Acrescento e finalizo com as palavras que ouvi hoje pela manhã do respeitado advogado Paulo Esteves, em visita ao cárcere da Polícia Federal "... com estes acontecimentos, começo a pensar se vale a pena continuar advogando. Todos estamos sentindo medo de exercer combativamente a profissão".

Custódia da Polícia Federal, 09 de novembro de 2003.

Carlos Alberto da Costa Silva

PS. Todos os documentos citados foram encaminhados ao advogado nomeado pela Comissão de Prerrogativas da OAB.

Notas de rodapé:

(1) Decreto de prisão temporária de 29/10/03 sob a acusação de que os escritórios dos advogados Affonso Passareli e Carlos Alberto da Costa Silva serviriam de base para a elaboração de documentos necessários a praticas delituosas.

(2) Petição de 04.11.03 firmada por membro designado pela Comissão de Prerrogativas da OAB - Dr. Alexandre Crepaldi.

(3) Inexiste em toda a investigação prova de qualquer contato pessoal ou telefônico entre referidas pessoas e o requerente, posto que não se conheciam.
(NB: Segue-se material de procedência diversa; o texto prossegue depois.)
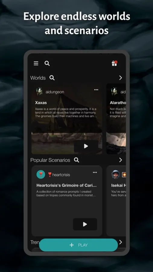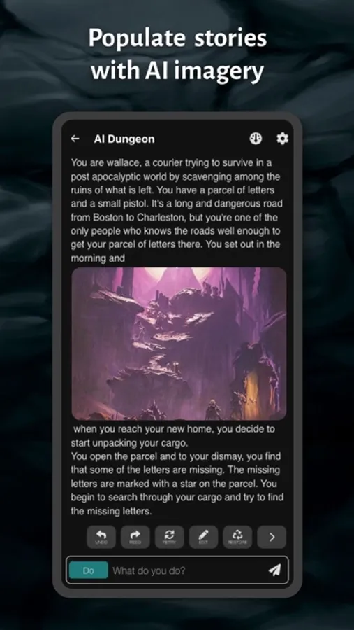 AI Dungeon is the first ever artificially intelligent open-ended text-based role playing game (rpg) adventure game. It uses cutting edge artificial intelligence technology to generate infinite content on the fly, giving you a completely unique and dynamic experience every time you play. AI Dungeon is also the first app to use the Stable Diffusion in-app for image generation (similar to other AI image generators like Midjourney and Dall-e 2).

(4) Como prova de que os policiais não sabiam quem estavam investigando, havendo sido o nome do requerente criminosamente "plantado"no relatório , observa-se que, desde junho/03 o escritório deste advogado se situa na Rua da Consolação, 439, 7. andar

(5) O requerente não conhece e nunca foi ao referido local, motivo pelo qual não faz parte de fotos ou filmagens realizadas em tais eventos pela investigação.

(6) O nome do requerente não é ao menos citado no ref. Monitoramento, tão pouco participou de qualquer expediente ilegal, posto que apenas representa, de maneira legal, um co-réu deste episódio.

(7) Vide denuncia fls.520/527 - presos Qiu Guo - Lin Zheng Zhou - Paulo Cesar Oliveira e Mario Wilson Viana.